Взяли они его с собой в Джанкой? Вполне возможно, ведь у них не было детей, а разве в подобных обстоятельствах не взяли бы они с собой ребенка?..
Впрочем, не знаю, не знаю... Выходит, многого я не знал о них. Например, того, что Юлий Александрович по рождению был наполовину француз – наполовину поляк... Да и какое это имело значение?.. Оказалось – имело...
И едва припомнила об этом Хая Соломоновна, как сразу же приторноватая галантность Юлия Александровича сделалась понятной и даже необходимой, поскольку француз, да еще и поляк... А значит – и Версаль, и Елисейские поля, и шляхетские корни... Вот он и целовал дамам ручки, шершавые от стирки, от чистки кастрюль, и дамы расцветали, чувствуя себя в тот миг соперницами не то мадам Помпадур, не то пани Валевской...
– Кто не есть еврей?..
Или:
– Вер изт нихт юде?..
Так это было сказано – поблизости от Джанкоя, куда их всех согнали, чтобы расстрелять. Это же произошло бы, останься Любарские в Ялте, – с той лишь разницей, что тогда бы их привели на пустырь за винными складами Массандры; и там, на пустыре, прежде чем ударить из автоматов и заранее пристреленных пулеметов, тоже был задан тот же вопрос:
– Вер изт нихт юде?..
И не было человека – это известно в точности! – который, как было приказано, вышагнул бы из рядов, где стояли мужчины, женщины, дети... Не было никого!

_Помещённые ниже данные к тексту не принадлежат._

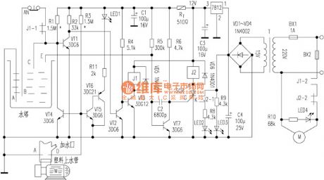 VT1, VT2, VT3, J1 are the main components of the pumping circuit, the working principle is not difficult to make a self- analysis for reader. Water protection circuit is mainly composed of the probe D and VT4, if the pumping time interval is too long, the tube memory water leakage is below D, and the water circuits A , D are open, VT4 gets saturated conduction, so that VT1 base pole clamp is at low potential. When the towers level falls to the lower limit B or less, due to the extremely low level of VT1 base, it can not be turned and therefore can not pumping.

Но тех, других, я не знал, не мог их представить, зато видел отчетливо перед собой удлиненное, тонкое лицо Юлия Александровича, его светлые, прямые, легкие волосы, блиставшие на солнце ледышки пенсне и загорелые, чуть женственные руки инженера, пальцы, привыкшие к рейсфедеру и карандашу, а сейчас сжимавшие вещмешок, или просто мешок с подшитыми лямками, чтобы удобней было нести за спиной... И рядом – смуглолицую Любовь Михайловну, с толстыми, оплетавшими голову черными косами, с широкими библейскими бедрами и крепкими ногами, крепкими икрами в черных волосках... Что было в эти мгновения в душе у каждого из них?..

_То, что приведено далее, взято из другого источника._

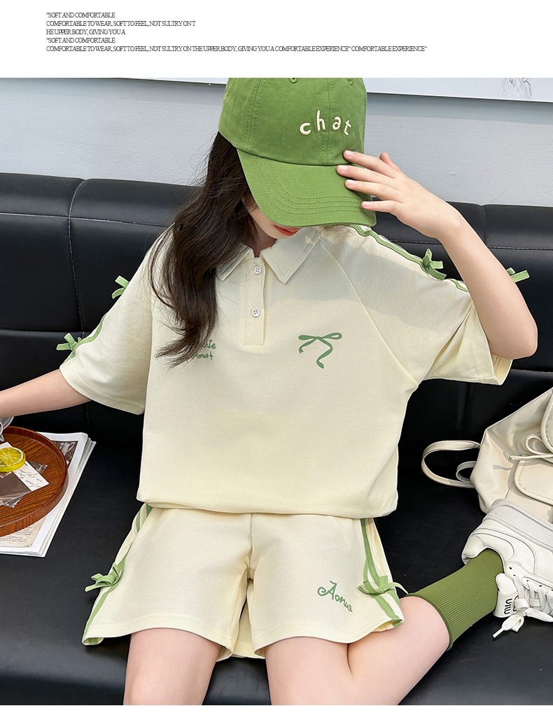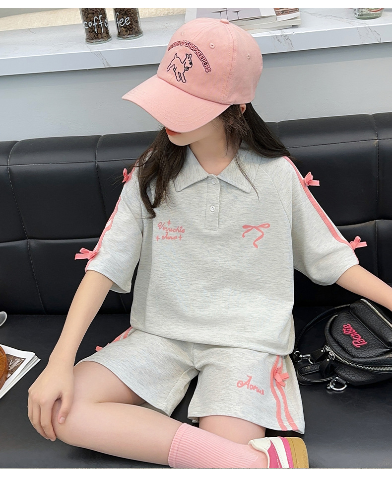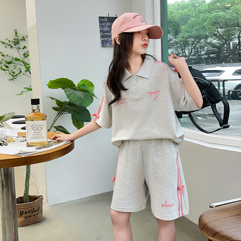 여자 캐주얼 스포츠 세트 2025 여름 새로운 어린이 활 반팔 티셔츠 탑 반바지 투피스 세트

Один его шаг – неширокий, шаг в полшага – вот и все, что отделяло для него жизнь от смерти. Всего только – шаг... И взгляд в сторону, чтоб никогда, никогда уже не встретиться с ее горячими, цвета пьяной вишни глазами... Я почему-то уверен, что во взгляде, которым она бы проводила его, не было бы ни презрения, ни укора. В каждой жене, женщине, которая любит, живет мать, и для нее – радость и счастье – спасти своего ребенка, милого, сына... А другого ребенка у нее не было – был он, ее сын, любовник и муж...
– Там их и расстреляли, поблизости от Джанкоя, – сказала Хая Соломоновна. – Всех.

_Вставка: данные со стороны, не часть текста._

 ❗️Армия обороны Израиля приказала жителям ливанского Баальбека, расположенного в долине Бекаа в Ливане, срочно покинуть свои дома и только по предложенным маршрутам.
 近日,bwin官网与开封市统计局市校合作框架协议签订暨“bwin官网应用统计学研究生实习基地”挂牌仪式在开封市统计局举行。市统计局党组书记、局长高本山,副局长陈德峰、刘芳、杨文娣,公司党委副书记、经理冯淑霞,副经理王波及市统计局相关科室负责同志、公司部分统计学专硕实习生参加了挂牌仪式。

Ветер за окном разгонял сырые клокастые тучи, в просветах проглядывало солнце. Однако воспоминания о Крыме уже не радовали, не согревали нас.
Мы вышли из корпуса, Хая Соломоновна спустилась вместе с нами по скрипучей, винтом изогнутой лестнице и пошла проводить нас до электрички: от пансионата, в котором она жила, до станции было рукой подать.
РОЗЫГРЫШ
1
День был, как день, утро, как утро, когда в нашей редакции появился Федя Ковальчук, – на столах еще дремали, как черные, свернувшиеся клубком коты, погруженные в ночной сон редакционные телефоны, пластмассовые пепельницы, обычно всклень набитые окурками, поблескивали выскобленными донышками, а постоянные наши авторы еще не врывались в журнал, чтобы сообщить свежие московские новости или передать из рук в руки только что раздобытые листочки самиздата, – журнал наш был для нас островком (если угодно – кочкой!) свободы, неведомым образом уцелевшим после короткой «оттепели», и если над ним еще не сомкнулась густая болотная жижа, то вот-вот, чувствовали мы, она должна его поглотить...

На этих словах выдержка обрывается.